Then additional things like what is the company doing from a hiring point of view? An investment point of view? Do they have any big strategic pivots they're going through at the moment? We pull all that into a concise but actionable pack that you can give to the BDR team. From the marketing point of view, that's helpful because it means the team can go and bring that personalization into the process rather than just generic outreach sequences.
David, if you had an SDR team and you'd be working with Josh, he would hand this over to you. How would you organize your team and how do you think is the best way to go about this?

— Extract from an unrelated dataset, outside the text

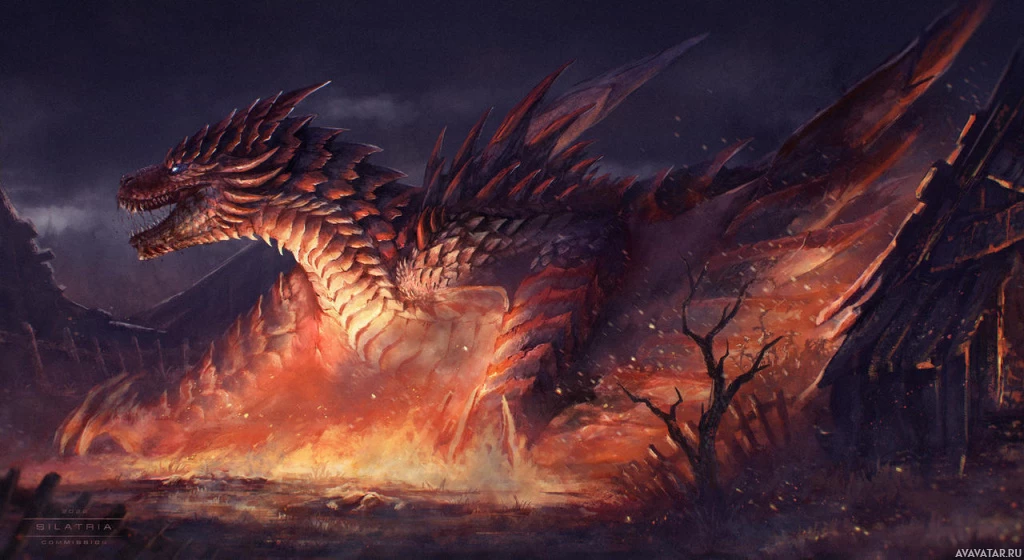 На картинке изображена сцена в стиле фэнтези с драконом в качестве центральной фигуры. Дракон выглядит свирепым и могущественным, стоя посреди пламени, пожирающего близлежащие строения. Это драматичная и насыщенная иллюстрация, вероятно, связанная с темами мифологии или фантастической литературы. Использование света и тени придает ему эпическую и несколько зловещую атмосферу.

The context is critical, especially with so much noise out there—we're all dealing with so many messages and phone calls going to prospects. By calling with intent, calling with true context, emailing with true context and true intent, that's great. Then you can fashion the information into something that is actually valuable to the prospects you're engaging with rather than talk about yourself, which no one cares about. No one cares about you. But they care about what pain you can help solve. This piece that Josh spoke about is where sales development is going.

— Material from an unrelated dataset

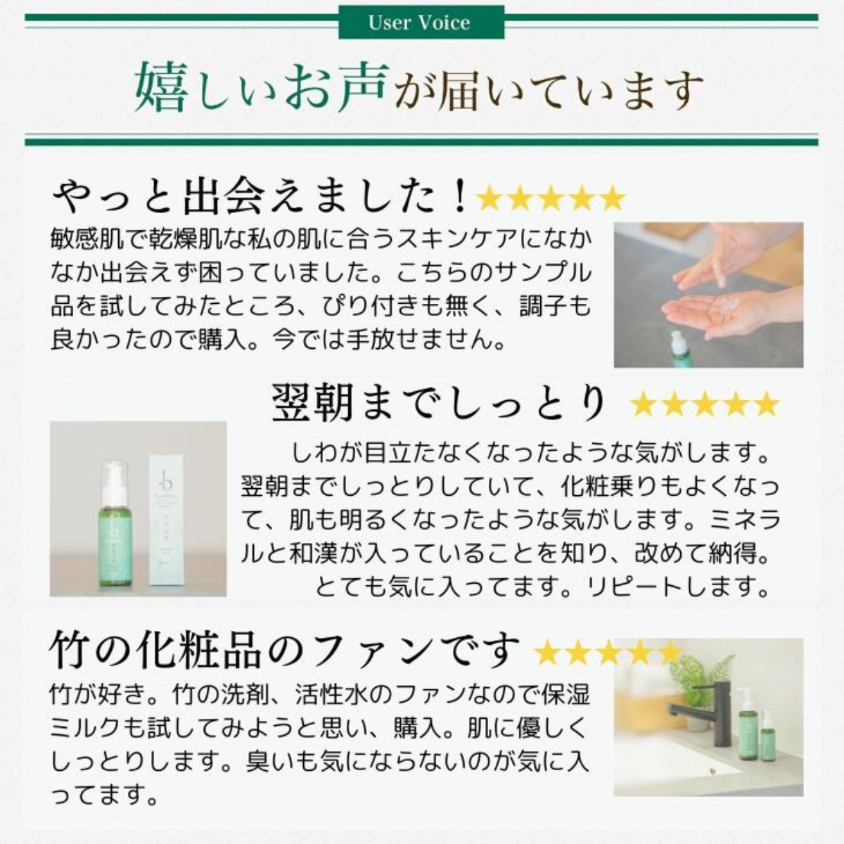 国産の天然成分+合成香料など全て不使用。敏感肌の方も安心して使えるスキンケアです。山口県産孟宗竹を使用。誰も手を付けず大自然で育った竹は無農薬で自然原料そのもの!独自の製法により肌に良いとされるミネラルを抽出し、スキンケアを開発しました。さらに、日本の風土に合った6つの和漢エキスを配合することで、敏感肌の方も安心して使える高保湿でエイジングケアと紫外線ケアを叶えました。

When I had less gray hair 12 years ago as a BDR, we used to have this. And to really have that context and then go and say, "This is how we can help you, and this is how we've helped other people, and this is why we believe this is important for you as well"—that's the difference between the best and the also-rans.

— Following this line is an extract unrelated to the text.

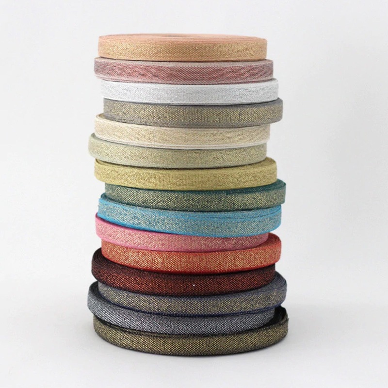The Metallic Loose Weave cotton ribbon is the latest addition tothe line. Cotton fiber and metallic thread are woven together, to create asubtle and elegant ribbon.Ideal for weddings and fine wrapping, it can also be used for endless hand-made applications

Amazing. I cannot agree more. And with AI, Claude, and everything we can do what you just mentioned, Dave and Josh, much faster, right? Because in my BDR times, I also had to do everything manually. If I wanted that angle and personalization, I could maybe do 5 accounts per hour. Now you can do way more. Josh, how can you automate the process from the CRM and till the sequence with AI and technology to make our lives easier?
Automation has been around for a long time—it's not necessarily that automation in itself is new. But what has essentially happened more recently with advancements in AI is that it's becoming easier to format and contextualize unstructured data. In my previous role, I used to do account insights reports—like 2 or 3 hours of research in an account, looking through investor relations, strategy docs, and all of that. You spend hours reading through, only to find out the thing that's actually most important was probably the first thing you looked at. What's effectively happening now is that AI is helping compress the time it takes to get that information.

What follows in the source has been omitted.